Wulf's Webden

The Webden on WordPress

Building it up

Another day, another task involving wrangling a text file to extract data and another chance to wield the might hammer of Vim to crack the problem. My starting point was a database extract with two columns of related identifiers which we’ll call A and B. I wanted to construct a line of HTML from each pair such that I can smoothly visit a page in an application to assess its contents. With just a few lines, this is easily done by hand but I’ve got fifty lines in this case. Fortunately, I also have the power of backreferences, which I learned last year.

The new trick I have added in the intervening time is a method of constructing the resulting scary looking statements step by step. Firstly, I search in a way that highlights the whole line. However, rather than using .*, which grabs everything in one chunk, I break it down into chunks that produce the same result. Rather than changing anything, I use an ampersand to simply repeat everything I found. For example, this morning’s data had a four character id consisting of two letters followed by two numbers, a tab and then another identifier, so I used:

:%s/..\d\d\t.*/&/

Next, I can use escaped parentheses to group the chunks of my search and back references to return them:

:%s/\(..\d\d\)\(\t\(.*\)/\1\2\3/

Again, it doesn’t change anything but I am now poised to finish off by rearranging how I call the references. I can insert them into the HTML statement, repeating as I want (for example, one of the components is useful as part of the label and as part of the URL) and ignoring \2, which is always a tab character but necessary in the search to allow me to pick up \1 and \3 cleanly.
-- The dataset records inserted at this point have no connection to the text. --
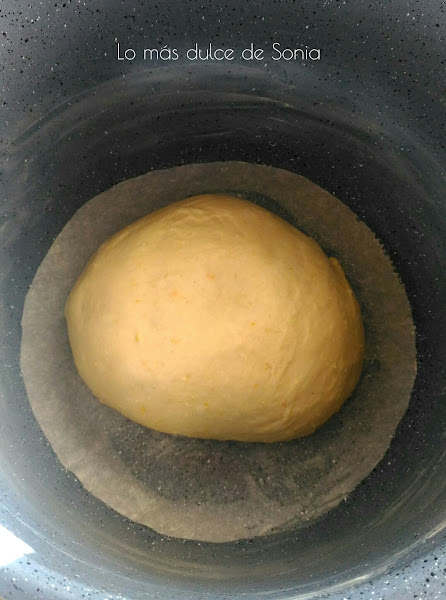Vertemos la masa en un recipiente dos o tres veces mayor que el volumen de la masa. La cubrimos con filme y dejamos que doble su volumen en un lugar cálido.
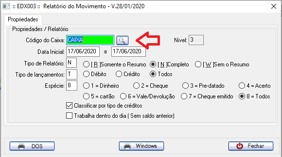 Indique o código do caixa a ser emitido o relatório. Caso não saiba o código, clique na lupa para buscar.
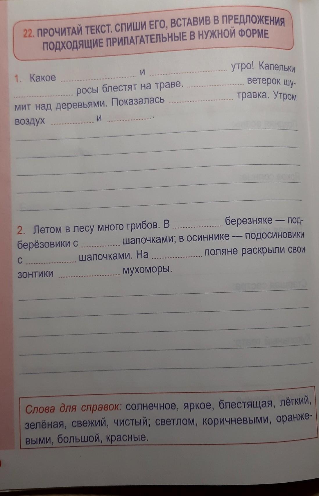 прочитай текст. спиши его, вставивв предложения подходящие прилагательные

It has similarities to that game where you start with one word and by a succession of alterations to a single letter change it into another word. However, while that is an interesting mental challenge, it is a diversion and costs time. The kind of stepwise development I am describing, approaching the problem crabwise, is all about saving time, making sure that before I strike and change the data, everything is lined up and that the problem is a series of easy steps rather than one complex and involved one.